RAS are protective processes that automatically disconnect generators or load to prevent transmission line overload in the event that another line goes out. The new method will update the ISO’s security constrained economic dispatch by modeling the loss of generation within the dispatch, as well as modeling the loss of transmission and generation because of RAS operations. The ISO currently uses manual, out-of-market dispatches to manage generator contingencies.

The changes will alter the congestion component of LMPs so that they consider the cost of positioning the system to account for generator contingencies and RAS operations. A RAS-connected generator does not increase congestion and will potentially receive higher energy prices than other generators at the same bus.

The Western Energy Imbalance Market (EIM) Governing Body on Sept. 6 approved the rule changes for generators that are within the EIM but outside the ISO. (See EIM Body Approves Generator Loss Modeling Plan.) Body Chairman Doug Howe on Tuesday urged the CAISO board to carefully implement the proposal.

caiso ras generator contingencies
The CAISO Board of Governors Met in Folsom on Tuesday | © RTO Insider

Howe said the change will increase the efficiency of the real-time market across the EIM, improve dispatch and lead to more accurate market prices. But he also urged the ISO to ensure the new rule doesn’t create market abuse or too much complexity.

Southern California Edison raised concerns that the program would create a new value stream that could incentivize participants to pursue RAS rather than building new transmission. A company representative questioned whether generators on RAS should be rewarded with higher locational prices.

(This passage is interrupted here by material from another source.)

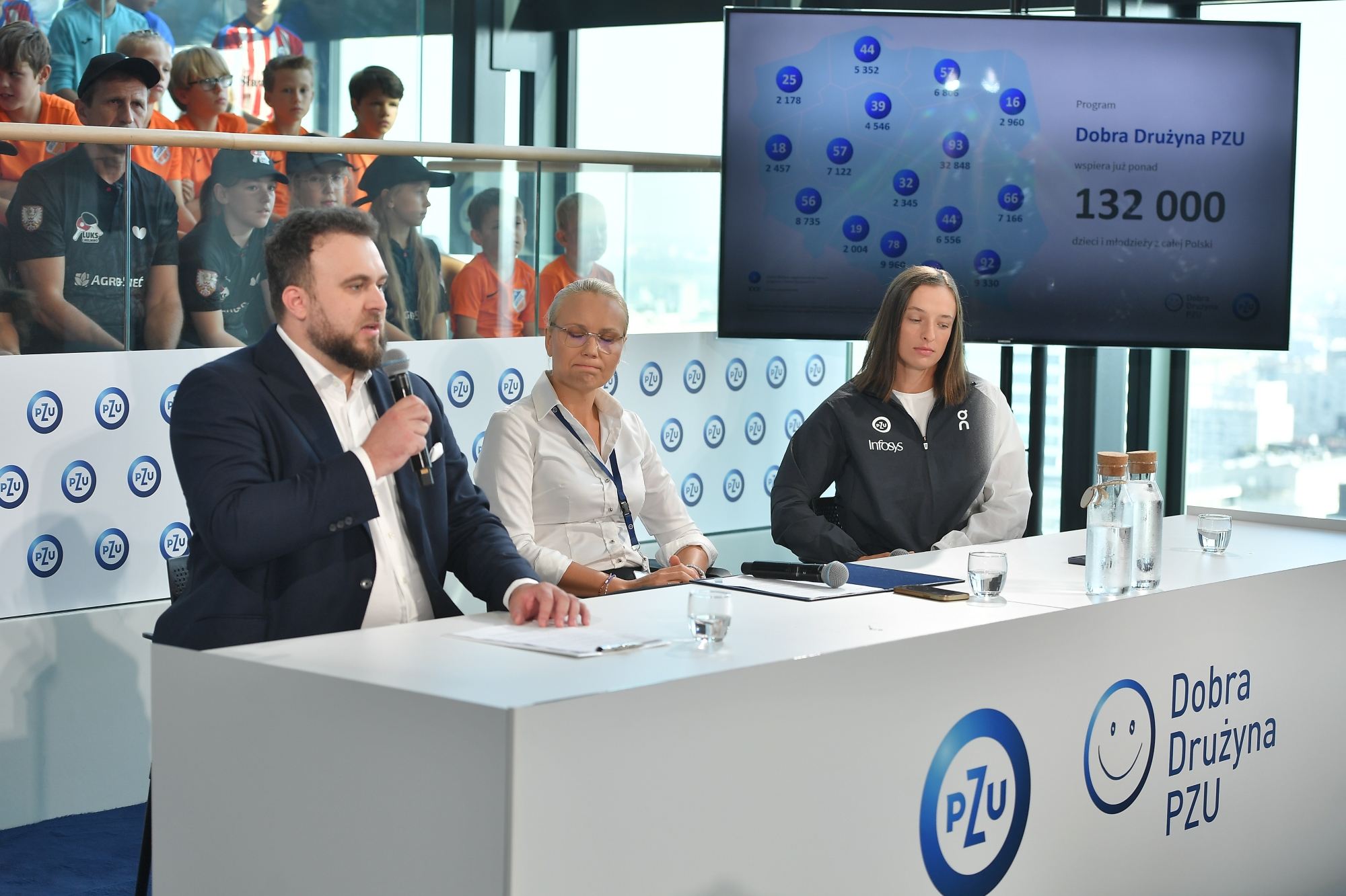 Podczas spotkania w siedzibie PZU na specjalnie przygotowanej trybunie zasiedli młodzi sportowcy oraz ich trenerzy z 15 klubów sportowych, które dzięki wsparciu swych społeczności lokalnych zostały nowymi beneficjentami programu największego polskiego ubezpieczyciela - Dobra Drużyna PZU. Jego celem jest aktywizacja sportowa dzieci i młodzieży z całego kraju, walka z epidemią nadwagi oraz otyłości wśród najmłodszych, a także pomoc w budowaniu relacji towarzyskich z świecie rzeczywistym, a nie wirtualnym.

Trying to value RAS resources “gives us pause,” and the implementation should be carefully monitored, said SCE Director of State Legislative Policy Catherine Hackney. SCE has thousands of megawatts of generation under RAS.

“We need to be vigilant about watching and being wary and being able to respond if things don’t go exactly how we like,” Hackney said.

When it unveiled the proposal in May 2016, CAISO said it had more than 20 RAS modeled within its own system, with more throughout the Western Interconnection. (See Stakeholders Wary of CAISO Contingency Modeling.) The ISO currently factors RAS into its market operations through adjustments to its market software but views that approach as inadequate.